Da mesma forma, e pelas mesmas razões, a Ordem dos Farmacêuticos não deixará de atuar perante situações como as que constam do Relatório da Comissão de Inquérito da Ordem dos Médicos sobre o Lar da FMIVPS de Reguengos de Monsaraz, onde se assume que “doentes não tomaram durante dias medicamentos que evitam tromboses e insulinas”. Ou relatos que nos têm igualmente chegado e que vamos tratando de forma individual, dando conta de que “idosos são sobremedicados com medicamentos que os mantêm a dormir”. E muitos outros, que vamos gerindo com conversas cordiais, visitas locais, através de uma proximidade que nos leva a compreender também as dificuldades e as necessidades com que estas instituições sobrevivem.

Esta é a preocupação dos profissionais que não podem aceitar que, sendo o Estado um só, não haja uma articulação entre a Saúde e a Segurança Social para estas e outras matérias. É que, aos olhos do cidadão normal e comum que somos, essas são discussões de lana caprina.

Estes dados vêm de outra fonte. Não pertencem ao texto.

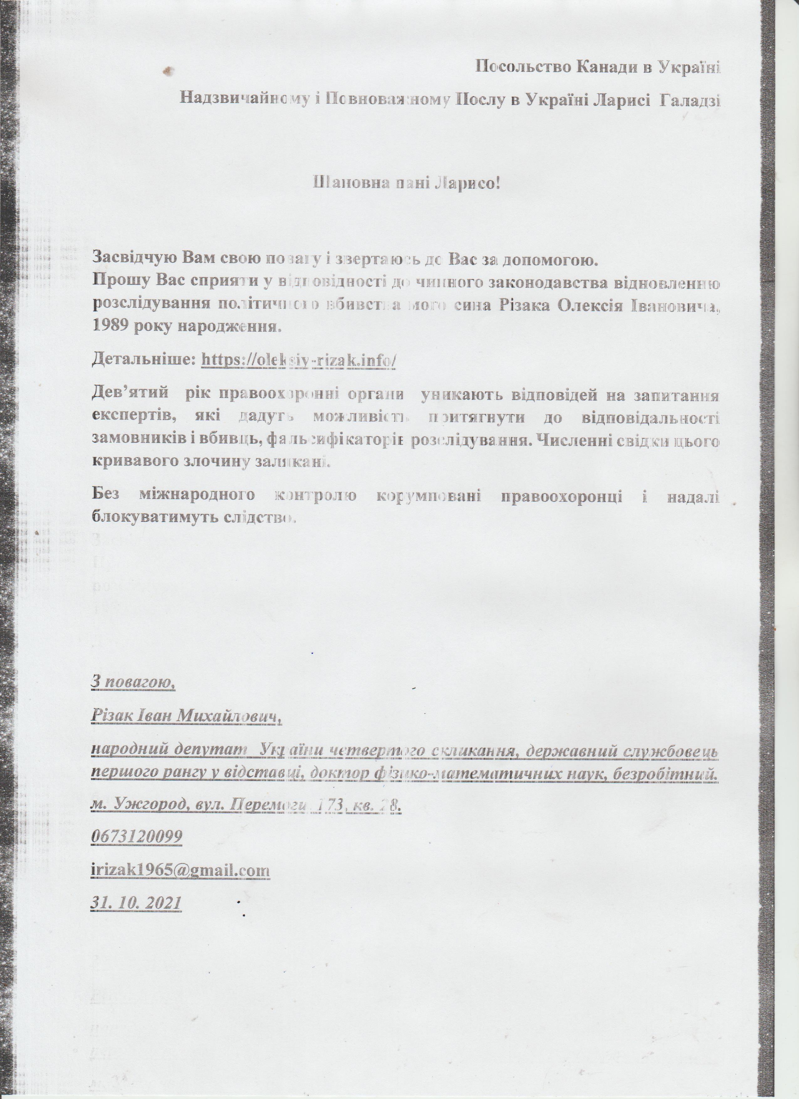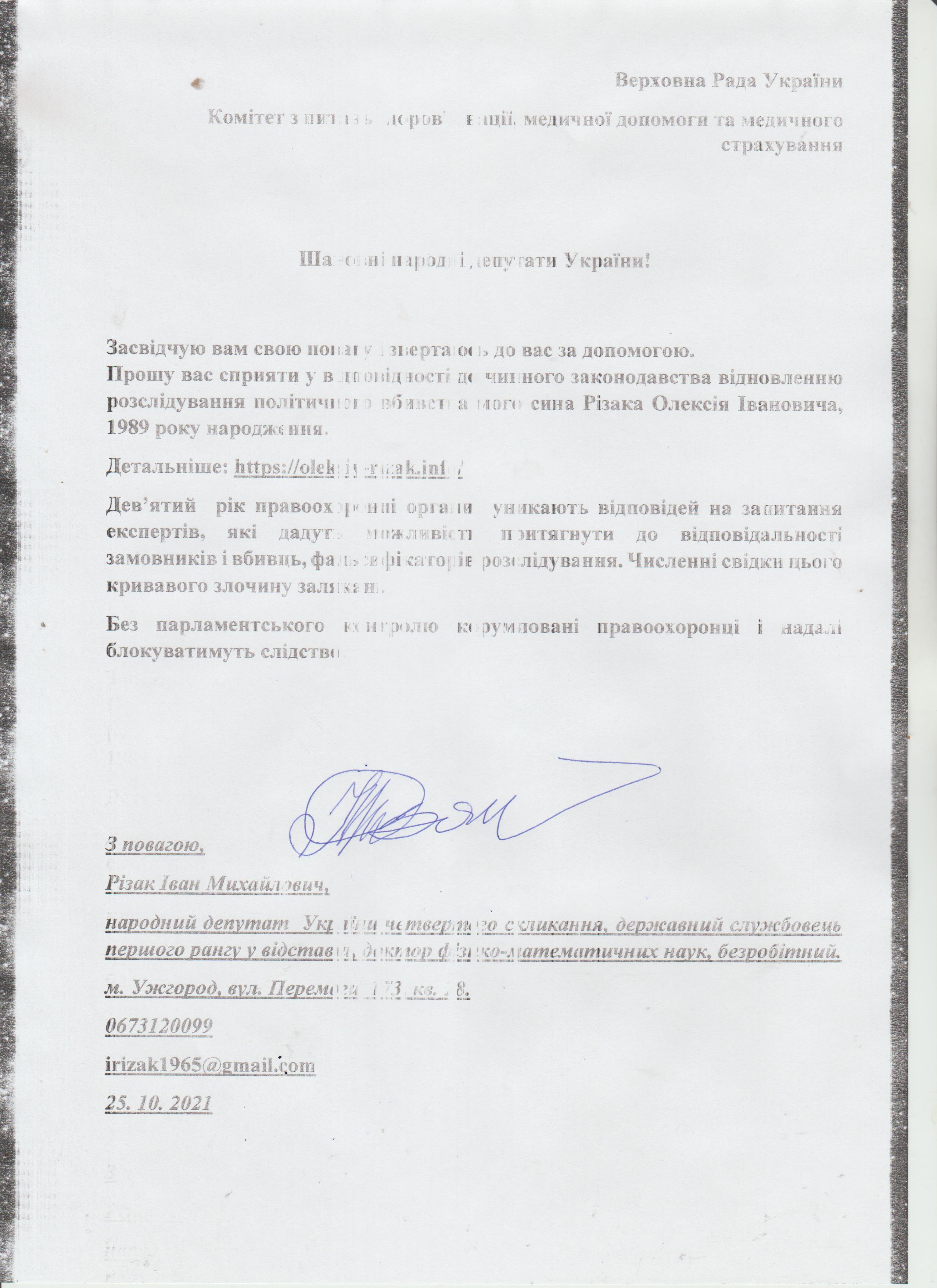 З метою сприяння слідству, а також всебічно об’єктивного розслідування справи прошу Вас доручити своїм підлеглим перевірити наступні питання: 1) чи міг володіти працівник ДПС в Закарпатській області Олексій Різак якоюсь інформацією про тіньовий та кримінальний бізнес в області, знання якої загрожувало б його життю? 2) перевірити у відповідних державних органах наявність у Різака Олексія Івановича та його близьких родичів майна, фінансів, земельних ділянок, підприємств, бізнесу, акцій, облігацій та інших цінних паперів, володіння якими могло б потенційно загрожувати його життю з боку конкурентів та інших співвласників? 3) чи були у нього відносини з громадянкою чи її родичами такими, що могли серйозно впливати на його майновий, матеріальний та ін. стан. 4) чи залучались до спеціальної перевірки, яку потрібно проходити при зарахуванні на державну службу, підрозділи зовнішнього спостереження якоїсь із правоохоронних структур області (я стверджую, що з часу переїзду мене в Закарпаття за нами було встановлене тотальне зовнішнє спостереження)? 5) хотілося б дізнатися (думаю, що це не є слідчою таємницею) в який час і з допомогою якого транспорту 16 листопада 2012 року виїхав син від своєї дівчини, чи проводжала вона його сама або з близькими родичами, чи бачила щось підозріле і яким таксі він виїжджав додому? 6) хотілося б також дізнатися хто першим побачив тіло вбитого юнака і повідомив швидку допомогу і міліцію? 7) з метою перевірки версії спроби отруєння сина Олексія, прошу дати на перевірку у спеціальну токсикологічну лабораторію результати трьох аналізів в «Астра-дія» і одного аналізу, проведеного в кардіодиспансері кілька тижнів тому.

O que importa sim é que, em consciência, cada um cumpra a sua missão, que não atiremos pedras uns aos outros, defendendo o indefensável, mas que aproveitemos cada uma das inúmeras pedras que este caminho tem para edificar cuidados dignos para as pessoas idosas, quer por via das Estruturas Residenciais, quer por via dos seus direitos, liberdades e garantias, acabando com uma das nossas maiores vergonhas nacionais. Os velhos não são e não podem ser o elo mais fraco. A sua longevidade em segurança, protegidos pela sociedade, e por ela valorizados, é das últimas dimensões que resta da nossa humanidade.